↓

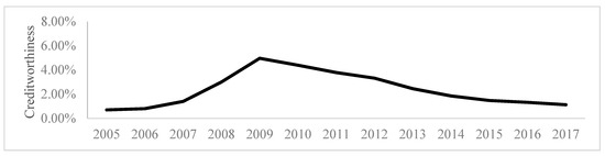 While the US Creditworthiness2017 risk is at relatively low historical levels (Figure 2), the US had low Creditworthiness risk (below 1%) just prior to the GFC, which spiked during the GFC (almost 5%), after which, financial sector reforms such as the Dodd–Frank Act were introduced, and Creditworthiness showed a reducing trend to 1.13% in 2017. The lines in Figure 2 plot the annual figure for Creditworthiness, which as defined in Section 4 is NPL to Gross Loans for U.S. banks as provided by the World Bank at an aggregated country level.
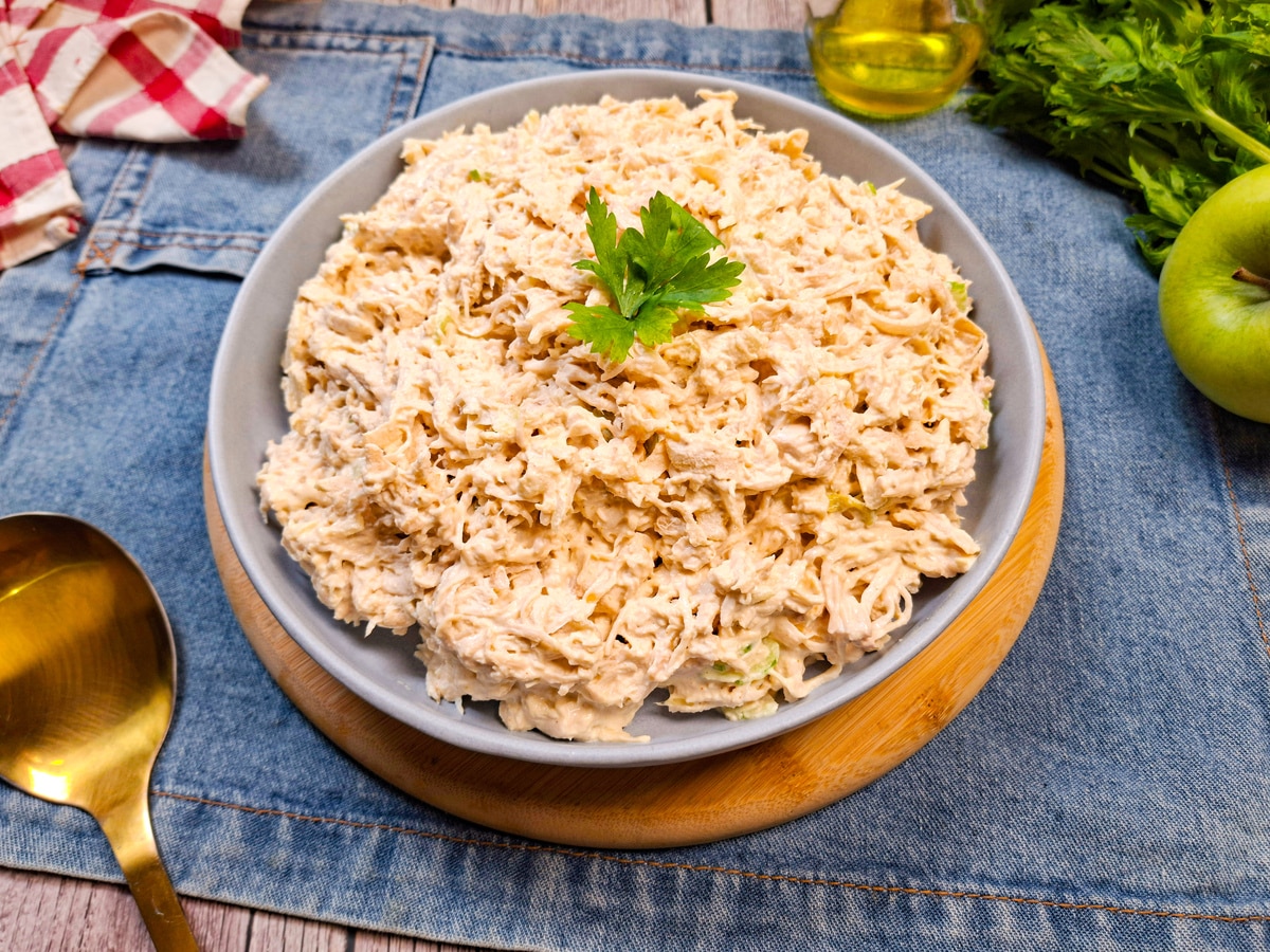 Em seguida, retire o frango do caldo e, com as mãos, comece a desfiá-lo em uma tigela. Adicione o sal, ajustando conforme sua preferência, e o salsão picado. Junte a maçã e misture bem;
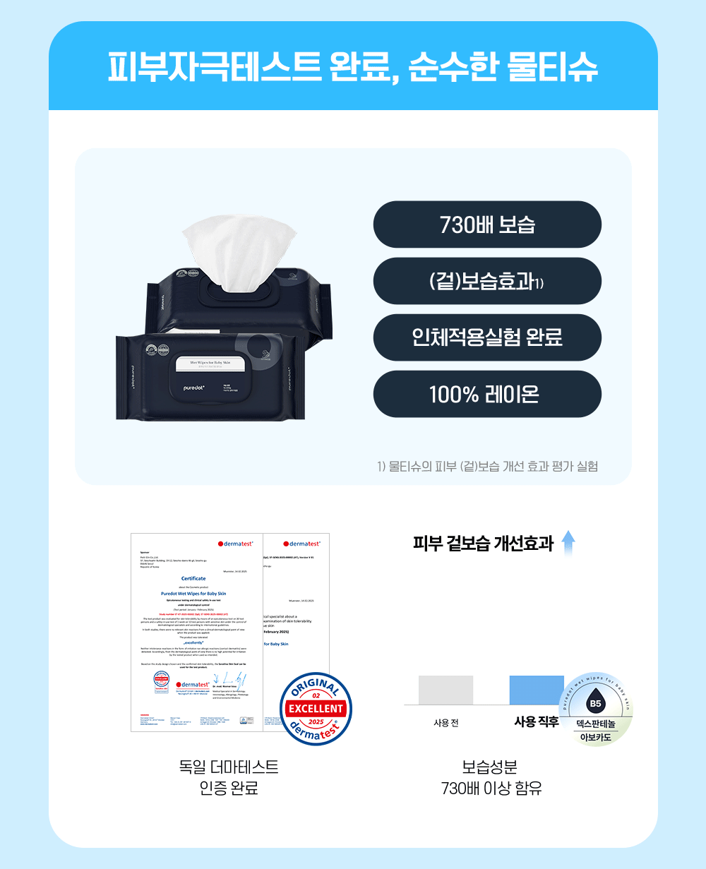 피부자극테스트 완료, 순수한 물티슈💙
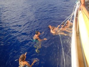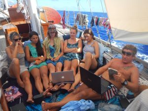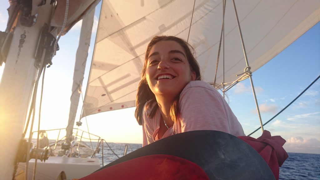 Gio. Die älteste im Team. Eine lustige, junggebliebene Frohnatur aus Italien, die zu jedem Satz ein Lied trällern kann. Sie hat einiges an Segelerfahrung und ist angenehm unkompliziert. Es sagt schon einiges über sie aus, dass sie lediglich mit Handgepäck angereist ist.
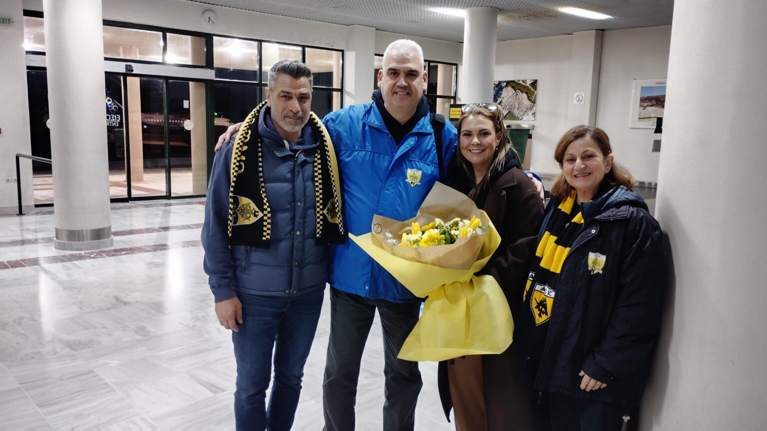 Από την πρώτη στιγμή της άφιξής του, οι ΑΕΚτζήδες του νησιού επεφύλαξαν θερμή υποδοχή, με συνθήματα, χαμόγελα και έντονη συγκίνηση, αποδεικνύοντας για ακόμη μία φορά τη διαχρονική τους αγάπη προς την ομάδα και τα πρόσωπα που έχουν γράψει τη δική τους ιστορία με τη φανέλα της.
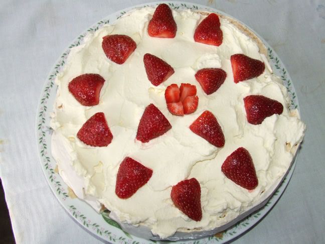 well my cake turned out pretty good for a first effort. I have learnt to add the flour to the beaten eggs gradually or you will have a big bubble of dry flour in your mix which breaks up into ever smaller bubbles so it takes more working than it should. Also when adding the melted butter make sure it is ALL mixed in before pouring in the tin or you will end out having to mix it while IN the tin, again working it more than it should. So the cake was a bit heavier than I would have liked, but good for a first try. I have decided that I should have added more strawberries in the centre and although the icing was made with real strawberries it still tasted just like pure sugar. If I added more strawberries then it made it too runny, hence the dribbles down the side. I had to take the picture quickly as the strawberries kept sliding off too! think I’ll just stick to whipped cream ;)
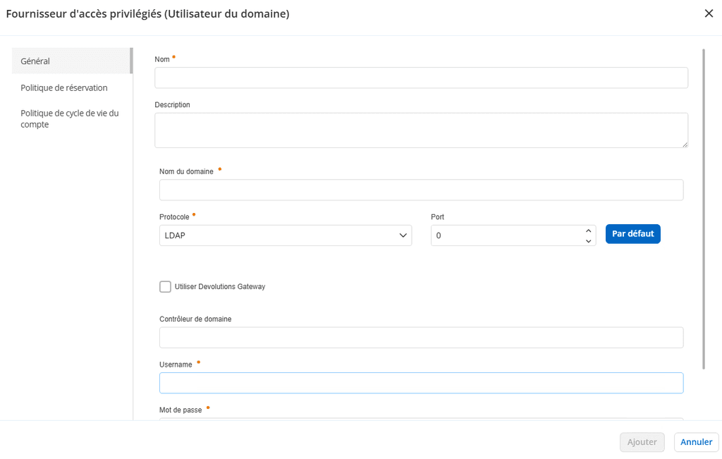 Vous pouvez désormais utiliser le fournisseur PAM Hub avec Active Directory local, comme illustré ci-dessus. Cette fonctionnalité repose sur Devolutions Hub Services, qui permet au Hub basé dans le cloud de se connecter à votre environnement local. Grâce à cette amélioration, vous pouvez gérer vos comptes AD locaux directement depuis le Hub. De plus, l’élévation juste-à-temps est également disponible pour les utilisateurs AD.
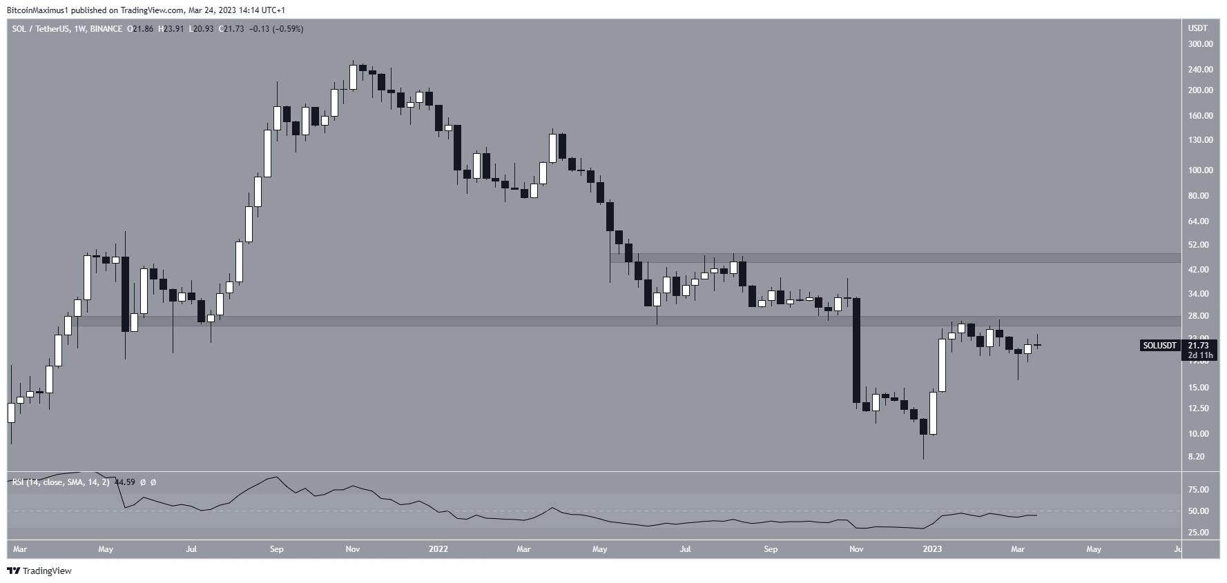 SOL, which is the native cryptocurrency of the Solana blockchain, has fallen since reaching an all-time high of $259.90 in November 2021. The downward movement culminated with a low of $8 in December 2022. However, the price began a massive rally afterward and is currently trading at $21.73.
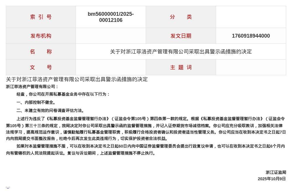 蓝鲸新闻10月20日讯,近日,浙江证监局发布了对浙江菲洛资产管理有限公司采取出具警示函措施的决定。 根据决定内容,浙江菲洛资产管理有限公司在开展私募基金业务中存在内部控制不健全、未建立有效的问卷调查评估方法的问题。这些行为违 反了《私募投资基金监督管理暂行办法》的相关规定。 针对以上问题,浙江证监局对其出具警示函的监督管理措施,并记入证券期货市场诚信档案。同时,要求该公司充分吸取教训,加强相关法律 法规的学习,提高规范运作意识,谨慎勤勉履行私募基金管理职责,积极履行合格投资者确认和投资者适当性管理义务。 | 索 引 号 | bm56000001/2025- 00012106 | સ 英 | | | --- | --- | --- | --- | | 发布机构 | | 发文日期 | 1760918944000 | | 称 ਜ | 关于对浙江菲洛资产管理有限公司采取出具警示函措施的决定 | | | | 文 号 | | 主题词 | | ...
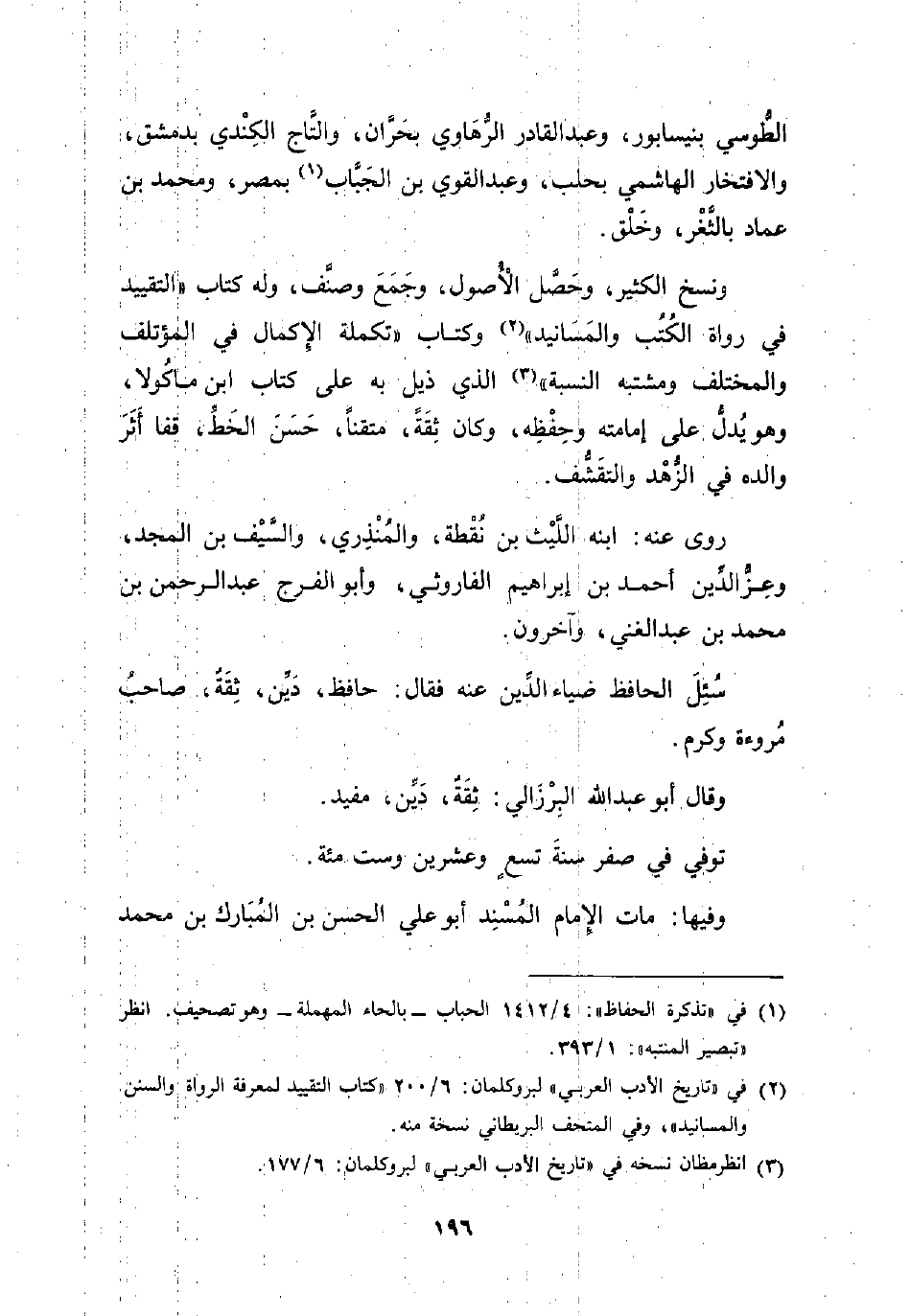 (¬2) في "تاريخ الأدب العربي" لبروكلمان: 6/ 200 "كتاب التقييد لمعرفة الرواة والسنن والمسانيد"، وفي المتحف البريطاني نسخة منه.
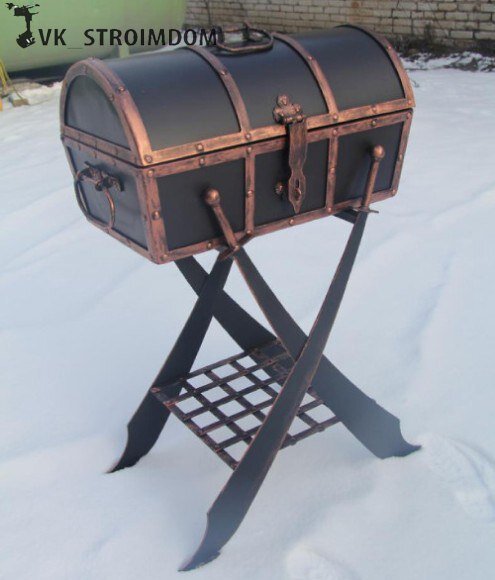 Детские воспоминания о пиратских сражениях навеяли автору идею мангала-сундука с сокровищами, установленного на двух мечах-ятаганах. Кроме обычной жарки шашлыков, такой ящик с крышкой можно использовать как мини-коптильню. Для этого потребуется снабдить конструкцию небольшой вытяжной трубой.
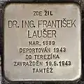 František Laušer | Kostelní 875/6 | Dr. Ing. František Laušer was born on 17 December 1889 in Horní Ročov. His parents were Josef Lauscher (1858-1912) and Bertha née Wolf (1863-1940). He had two sisters, Marta (born 1883, later Kronberger) and Marie (born 1885, later Jelinek). He was married to Marie Laušer. His last residence before deportation was in Prague II, Hálkova 8. On 6 March 1943 he was deported to Theresienstadt concentration camp by transport Cv. His transport number was 27 of 1,022. He was murdered on 19 May 1943 in Theresienstadt.[15][16][17]
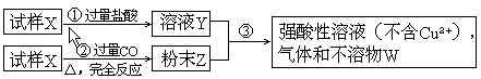 (2)若全部的溶液Y和全部的粉末Z充分反应后,生成的不溶物W的质量是m,则每份试样X中氧化铜的质量为_____________.(用m表示)
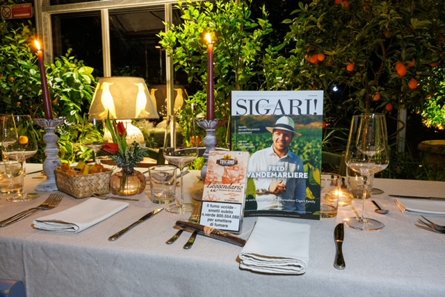 Una serata magnifica, in una location straordinariamente affascinante e accattivante, inedita, soprattutto. Ideata da quel genio artistico che risponde al nome di Luca Piattelli, titolare dell'atelier pour dames e non solo più prestigioso della regione localizzato a Chiesina Uzzanese. Si chiama Citrus Horti ed è situato in via di Campolasso a Pescia il regno dei fiori e delle piante. Prevista una degustazione guidata a base di champagne all'interno di una sera ad hoc. Ospiti gli amici di sempre del Club Gusto Toscano, l'inno al sigaro più famoso al mondo che viene gustato in tutta la sua fragranza a fine serata. Questa volta si tratta del Toscano Leggendario in abbinamento con il Ronchi Pichi, 'il Vino del Vate. Fotografo d'eccezione Ciprian Gheorghita ormai habitué di questi eventi. Durante la cena le pietanze sono state accompagnate dallo champagne Tassin Excellence.

↑

◆ WHAT IS REQUIRED
What is needed is an exact copy of all the records, minus any pictures.

◆ EXERCISE RESPONSE
 While the US Creditworthiness2017 risk is at relatively low historical levels (Figure 2), the US had low Creditworthiness risk (below 1%) just prior to the GFC, which spiked during the GFC (almost 5%), after which, financial sector reforms such as the Dodd–Frank Act were introduced, and Creditworthiness showed a reducing trend to 1.13% in 2017. The lines in Figure 2 plot the annual figure for Creditworthiness, which as defined in Section 4 is NPL to Gross Loans for U.S. banks as provided by the World Bank at an aggregated country level.
 Em seguida, retire o frango do caldo e, com as mãos, comece a desfiá-lo em uma tigela. Adicione o sal, ajustando conforme sua preferência, e o salsão picado. Junte a maçã e misture bem;
 피부자극테스트 완료, 순수한 물티슈💙
 Gio. Die älteste im Team. Eine lustige, junggebliebene Frohnatur aus Italien, die zu jedem Satz ein Lied trällern kann. Sie hat einiges an Segelerfahrung und ist angenehm unkompliziert. Es sagt schon einiges über sie aus, dass sie lediglich mit Handgepäck angereist ist.
 Από την πρώτη στιγμή της άφιξής του, οι ΑΕΚτζήδες του νησιού επεφύλαξαν θερμή υποδοχή, με συνθήματα, χαμόγελα και έντονη συγκίνηση, αποδεικνύοντας για ακόμη μία φορά τη διαχρονική τους αγάπη προς την ομάδα και τα πρόσωπα που έχουν γράψει τη δική τους ιστορία με τη φανέλα της.
 well my cake turned out pretty good for a first effort. I have learnt to add the flour to the beaten eggs gradually or you will have a big bubble of dry flour in your mix which breaks up into ever smaller bubbles so it takes more working than it should. Also when adding the melted butter make sure it is ALL mixed in before pouring in the tin or you will end out having to mix it while IN the tin, again working it more than it should. So the cake was a bit heavier than I would have liked, but good for a first try. I have decided that I should have added more strawberries in the centre and although the icing was made with real strawberries it still tasted just like pure sugar. If I added more strawberries then it made it too runny, hence the dribbles down the side. I had to take the picture quickly as the strawberries kept sliding off too! think I’ll just stick to whipped cream ;)
 Vous pouvez désormais utiliser le fournisseur PAM Hub avec Active Directory local, comme illustré ci-dessus. Cette fonctionnalité repose sur Devolutions Hub Services, qui permet au Hub basé dans le cloud de se connecter à votre environnement local. Grâce à cette amélioration, vous pouvez gérer vos comptes AD locaux directement depuis le Hub. De plus, l’élévation juste-à-temps est également disponible pour les utilisateurs AD.
 SOL, which is the native cryptocurrency of the Solana blockchain, has fallen since reaching an all-time high of $259.90 in November 2021. The downward movement culminated with a low of $8 in December 2022. However, the price began a massive rally afterward and is currently trading at $21.73.
 蓝鲸新闻10月20日讯,近日,浙江证监局发布了对浙江菲洛资产管理有限公司采取出具警示函措施的决定。 根据决定内容,浙江菲洛资产管理有限公司在开展私募基金业务中存在内部控制不健全、未建立有效的问卷调查评估方法的问题。这些行为违 反了《私募投资基金监督管理暂行办法》的相关规定。 针对以上问题,浙江证监局对其出具警示函的监督管理措施,并记入证券期货市场诚信档案。同时,要求该公司充分吸取教训,加强相关法律 法规的学习,提高规范运作意识,谨慎勤勉履行私募基金管理职责,积极履行合格投资者确认和投资者适当性管理义务。 | 索 引 号 | bm56000001/2025- 00012106 | સ 英 | | | --- | --- | --- | --- | | 发布机构 | | 发文日期 | 1760918944000 | | 称 ਜ | 关于对浙江菲洛资产管理有限公司采取出具警示函措施的决定 | | | | 文 号 | | 主题词 | | ...
 (¬2) في "تاريخ الأدب العربي" لبروكلمان: 6/ 200 "كتاب التقييد لمعرفة الرواة والسنن والمسانيد"، وفي المتحف البريطاني نسخة منه.
 Детские воспоминания о пиратских сражениях навеяли автору идею мангала-сундука с сокровищами, установленного на двух мечах-ятаганах. Кроме обычной жарки шашлыков, такой ящик с крышкой можно использовать как мини-коптильню. Для этого потребуется снабдить конструкцию небольшой вытяжной трубой.
 František Laušer | Kostelní 875/6 | Dr. Ing. František Laušer was born on 17 December 1889 in Horní Ročov. His parents were Josef Lauscher (1858-1912) and Bertha née Wolf (1863-1940). He had two sisters, Marta (born 1883, later Kronberger) and Marie (born 1885, later Jelinek). He was married to Marie Laušer. His last residence before deportation was in Prague II, Hálkova 8. On 6 March 1943 he was deported to Theresienstadt concentration camp by transport Cv. His transport number was 27 of 1,022. He was murdered on 19 May 1943 in Theresienstadt.[15][16][17]
 (2)若全部的溶液Y和全部的粉末Z充分反应后,生成的不溶物W的质量是m,则每份试样X中氧化铜的质量为_____________.(用m表示)
 Una serata magnifica, in una location straordinariamente affascinante e accattivante, inedita, soprattutto. Ideata da quel genio artistico che risponde al nome di Luca Piattelli, titolare dell'atelier pour dames e non solo più prestigioso della regione localizzato a Chiesina Uzzanese. Si chiama Citrus Horti ed è situato in via di Campolasso a Pescia il regno dei fiori e delle piante. Prevista una degustazione guidata a base di champagne all'interno di una sera ad hoc. Ospiti gli amici di sempre del Club Gusto Toscano, l'inno al sigaro più famoso al mondo che viene gustato in tutta la sua fragranza a fine serata. Questa volta si tratta del Toscano Leggendario in abbinamento con il Ronchi Pichi, 'il Vino del Vate. Fotografo d'eccezione Ciprian Gheorghita ormai habitué di questi eventi. Durante la cena le pietanze sono state accompagnate dallo champagne Tassin Excellence.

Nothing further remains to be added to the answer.